Creamy Sweet potato & butternut squash soup. Makes 4 servings (425 ml) 126 cals bowl.
You can cook Creamy Sweet potato & butternut squash soup. Makes 4 servings (425 ml) 126 cals bowl using 10 ingredients and 5 steps. Here is how you cook that.
Ingredients of Creamy Sweet potato & butternut squash soup. Makes 4 servings (425 ml) 126 cals bowl
- It’s 700 grams of mixed sweet potato & butternut squash. i used tesco pre cut.
- You need 100 grams of red onion chopped.
- It’s 100 grams of carrot peeled & diced.
- It’s 100 grams of celery washed & chopped.

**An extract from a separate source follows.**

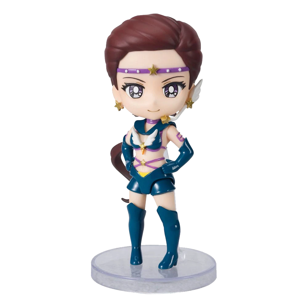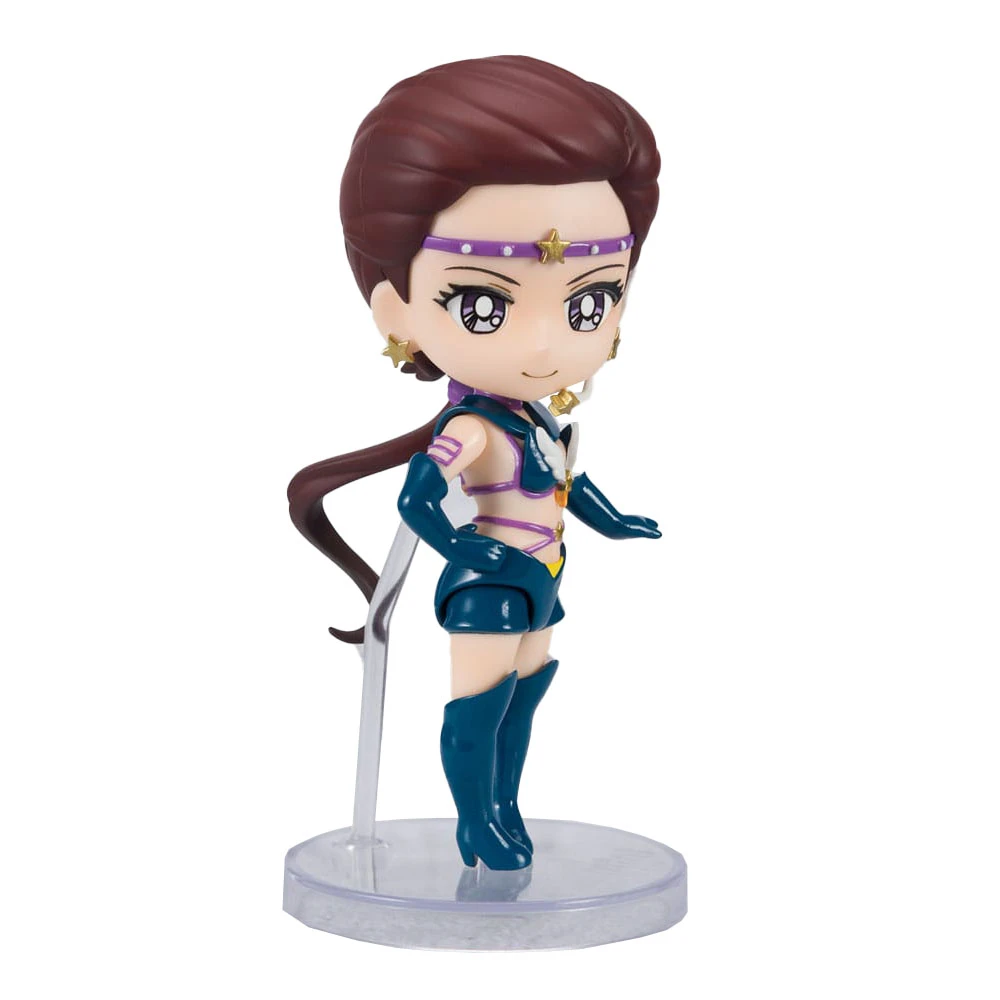 SAILOR STAR MAKER joins Figuarts mini, the series featuring your favorite characters, stylized with adorable proportions and expressions. The Glittering Eye system brings the luster of her eyes to dramatic life. Neck, shoulders, and legs are posable, and optional arms add even more expressiveness!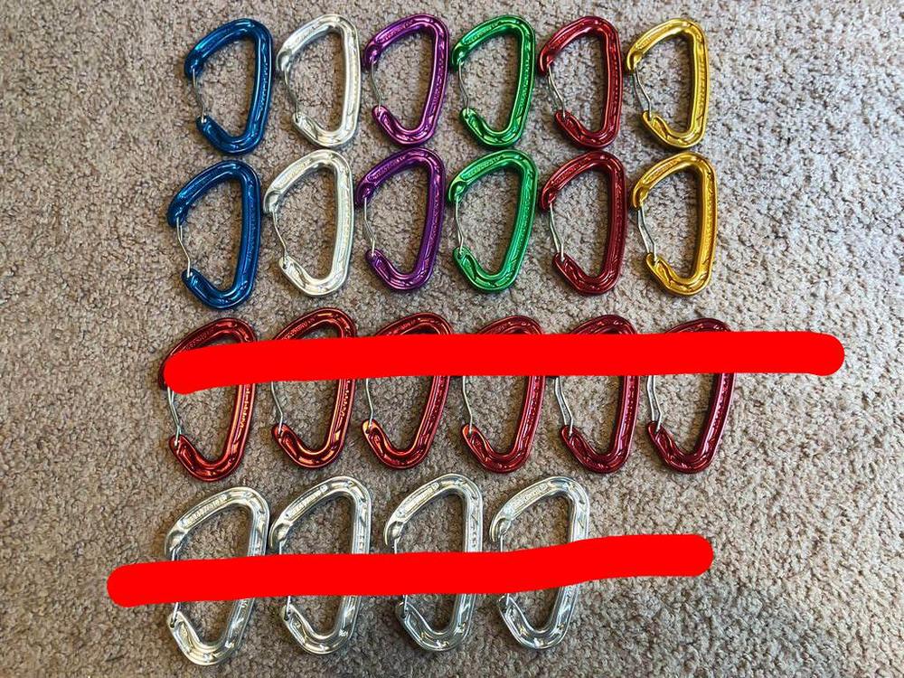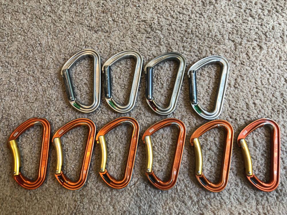 Shipping: FREE if you are buying more than $100 worth of gear ~if not~ $6 within the US. Will ship anywhere else for actual cost Petzl Spirits: $7 Black Diamond Ovalwire: $5 Random biners in photo with random biners: $3.50 Ropes/Slings: 35M Sterling Fusion Ion R 9.4mm - New: $90 30M Metolius Monster 9mm Static - New: $65 Ice Axes/Tools: BD Raven Ultra 50cm: $75 - Like new, carried up Rainier and didn't use it. Clothing/Shoes: Arcteryx Zeta LT – Medium – 11.8 oz – arcteryx.com/us/en/shop/men… . Perfect Condition. Jacket is 2018 model, used for a couple days. – $225 Mountain Hardwear Quasar – Small – 7.3 oz – 3 Layer eVent -Good shape, couple small spots – $85 Marmot Scree Pants - 30 Short - Fit like a 31 x 31. - Link To REI Info Page- Lightly used with a couple pinprick abrasions - $40 Patagonia Simul Alpine Guide Pants Forge Grey- New - $70 Link Other: Metolius Safe Tech Trad - Small: $50 - New Montbell Beanie: Looks nice but doesn't seem very warm. Probably good for bouldering in hot weather- $10 |

- Prepare 1 of veg cube i used knorr.
- It’s 1 of bit chilli powder.
- Prepare 15 ml of lemon juice.
- It’s 800 ml of hot water.
- You need 100 ml of hot or cold water. depends if serving straight away, thickness or poppin in fridge.
- It’s 100 ml of half fat coconut milk i used blue dragon.
Creamy Sweet potato & butternut squash soup. Makes 4 servings (425 ml) 126 cals bowl step by step
- Add following to slow cooker in order, add hot water then stock crumbled stock cube & spices, stir pop lid on & cook for about 45 mins until veg cooked..
- When veg is cooked, blend with hand blender until smooth. If too thick add that extra 100 ml water, use hot is serving straight away..
- Add coconut milk then blend in..
- Divide into bowls & serve. If saving pop into bowls, cool lid and keep in the fridge for up to 4 days…
- Nutrition for whole batch. Total fat 12…sat 8… Poly 1…. Sodium 142… Potassium 262… Carbs 83… Fibre 20… Sugar 64… Protein 10… Vitamin A 269… Vitamin C 21… Calcium 4.